Dots connected. The sapphire and diamond ring. The flashing object on Walter’s surveillance video.

Henry’s eyes rolled up, dark with murderous intent.

With insanity.

“You get why I’m angry? Really, Doc? No! You! Do! Not! But you will.” Henry thrust the device close to my face. “Numero dos.”

A fuzzy video was playing on Henry’s screen, the lens panning across a woman chained to a pipe leading down to a tangle of blankets. The woman appeared to be sleeping.

Dead?

The camera reversed, slowed, then stopped. Zoomed in.

The woman’s features morphed into a recognizable pattern.

Panic ripped through me.

The scene mimicked my nightmare cinema of death.

The woman was Katy!

39

“Please!” I begged with hopeless desperation. “Don’t hurt my daughter!”

“But the young lady is my pièce de résistance.” Henry’s voice was thick with hatred. “I’ve been working up to her all these years. And this time the great doctor gets to observe.”

“Katy has done nothing to you.”

“Like Asa did nothing to you. Or to that poor kid carved with Satanic symbols, then gutted and dumped into Lake Wylie. Asa was a kind and gentle soul. A healer.”

Henry was right. Asa Finney was an innocent misjudged for being different. Investigators had taken far too long to recognize that, and it had cost Asa his life.

“Asa would disapprove of such vengeance,” I said.

Something complicated skittered through Henry’s eyes. Then she stepped forward and backhanded me hard across the face. As my head snapped sideways, my optic nerves registered a terrifying tableau. A night-darkened window, high on a wall. Below the window, two gaping holes in the floor, a mound of dirt beside each. Pre-made graves?
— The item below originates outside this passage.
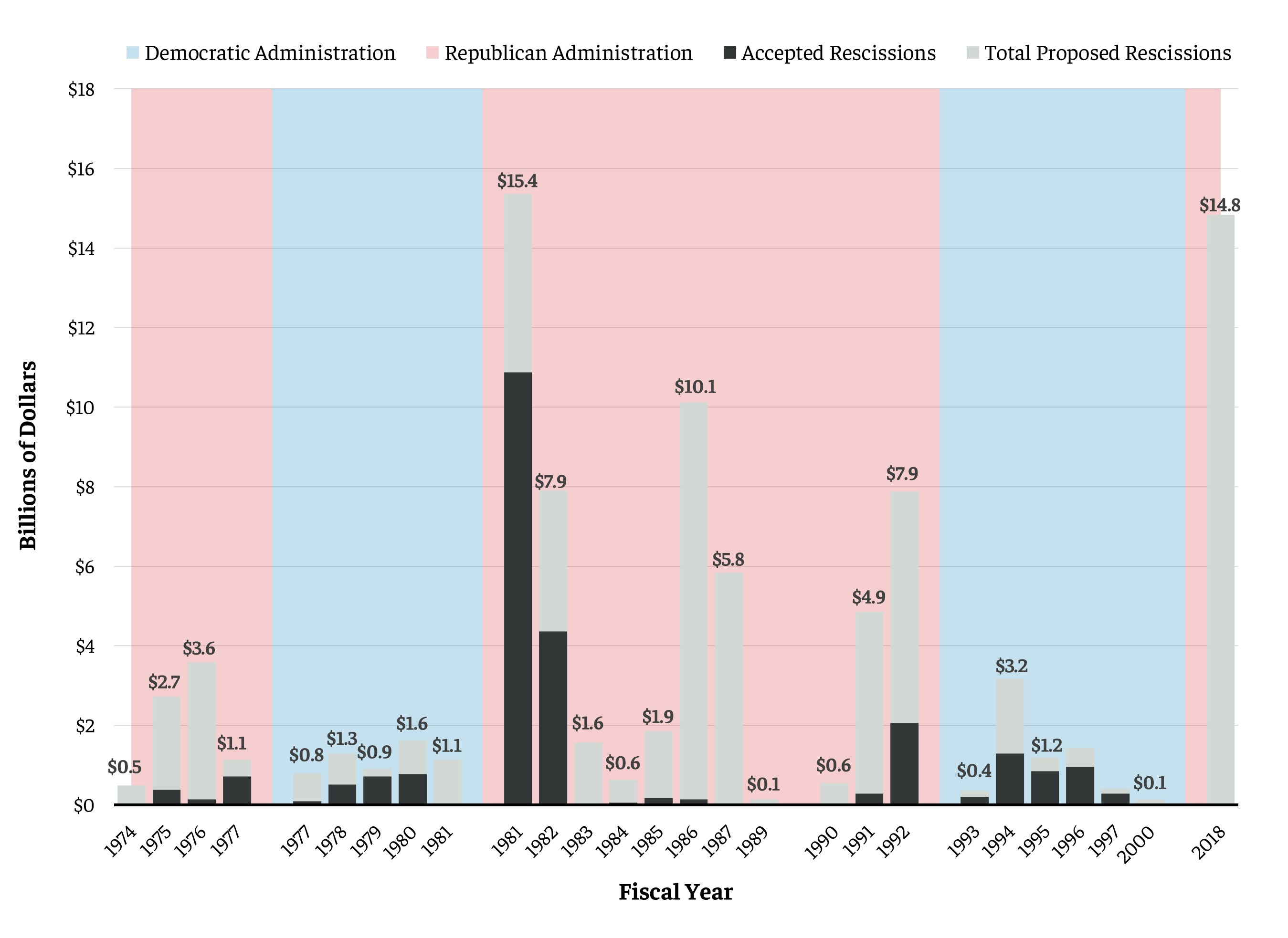 Over the past fifty years, Presidents have initiated rescissions worth a total of $92bn, the overwhelming majority of which came during the Reagan and GW Bush years. Congress approved just $25bn, and none in the 21st century (that is, until earlier this summer).

My left parietal cracked concrete. Dizziness overtook me, and black clouds threatened in the corners of both eyes.

No!

Awash in pain and fear-induced adrenaline, I bucked my torso and wrenched my wrists wildly. The cuffs wouldn’t break. I thrashed harder. The cuffs wouldn’t break.

Did the chair move ever so slightly?

Henry kept smiling her deranged smile.

I continued struggling with my bindings, frenzied as a wild beast caught in a trap. Pale grooves appeared on my wrists, oozed red as the metal bracelets cut deeper and deeper into my flesh.